In the records below, find the line with "184. Прочитайте таблицу" and repeat exactly every line from it through the line with "Wir geniessen den". Pictures stay out.

---------- ENTRIES SHOWN ----------

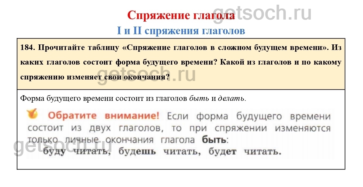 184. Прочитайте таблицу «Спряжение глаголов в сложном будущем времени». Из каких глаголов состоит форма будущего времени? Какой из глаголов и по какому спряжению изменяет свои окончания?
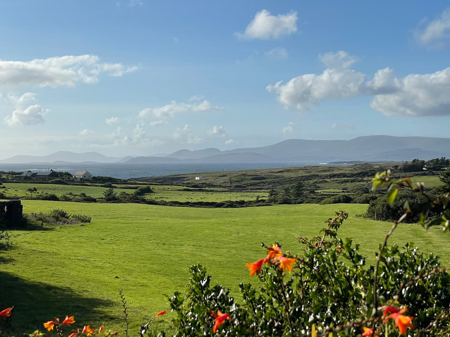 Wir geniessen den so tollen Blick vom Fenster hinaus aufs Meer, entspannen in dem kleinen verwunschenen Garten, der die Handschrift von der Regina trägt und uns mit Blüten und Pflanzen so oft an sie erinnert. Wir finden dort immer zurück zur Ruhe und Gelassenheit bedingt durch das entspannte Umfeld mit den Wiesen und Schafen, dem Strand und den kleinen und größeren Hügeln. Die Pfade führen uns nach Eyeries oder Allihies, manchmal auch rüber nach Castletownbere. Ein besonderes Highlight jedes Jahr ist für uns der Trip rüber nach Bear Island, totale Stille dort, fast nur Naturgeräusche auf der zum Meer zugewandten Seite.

----------
---------- ENTRIES SHOWN ----------

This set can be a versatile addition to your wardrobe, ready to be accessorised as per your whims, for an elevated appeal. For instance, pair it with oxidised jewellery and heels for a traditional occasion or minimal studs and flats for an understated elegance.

----------

§ **TASK ANSWER**:
 184. Прочитайте таблицу «Спряжение глаголов в сложном будущем времени». Из каких глаголов состоит форма будущего времени? Какой из глаголов и по какому спряжению изменяет свои окончания?
 Wir geniessen den so tollen Blick vom Fenster hinaus aufs Meer, entspannen in dem kleinen verwunschenen Garten, der die Handschrift von der Regina trägt und uns mit Blüten und Pflanzen so oft an sie erinnert. Wir finden dort immer zurück zur Ruhe und Gelassenheit bedingt durch das entspannte Umfeld mit den Wiesen und Schafen, dem Strand und den kleinen und größeren Hügeln. Die Pfade führen uns nach Eyeries oder Allihies, manchmal auch rüber nach Castletownbere. Ein besonderes Highlight jedes Jahr ist für uns der Trip rüber nach Bear Island, totale Stille dort, fast nur Naturgeräusche auf der zum Meer zugewandten Seite.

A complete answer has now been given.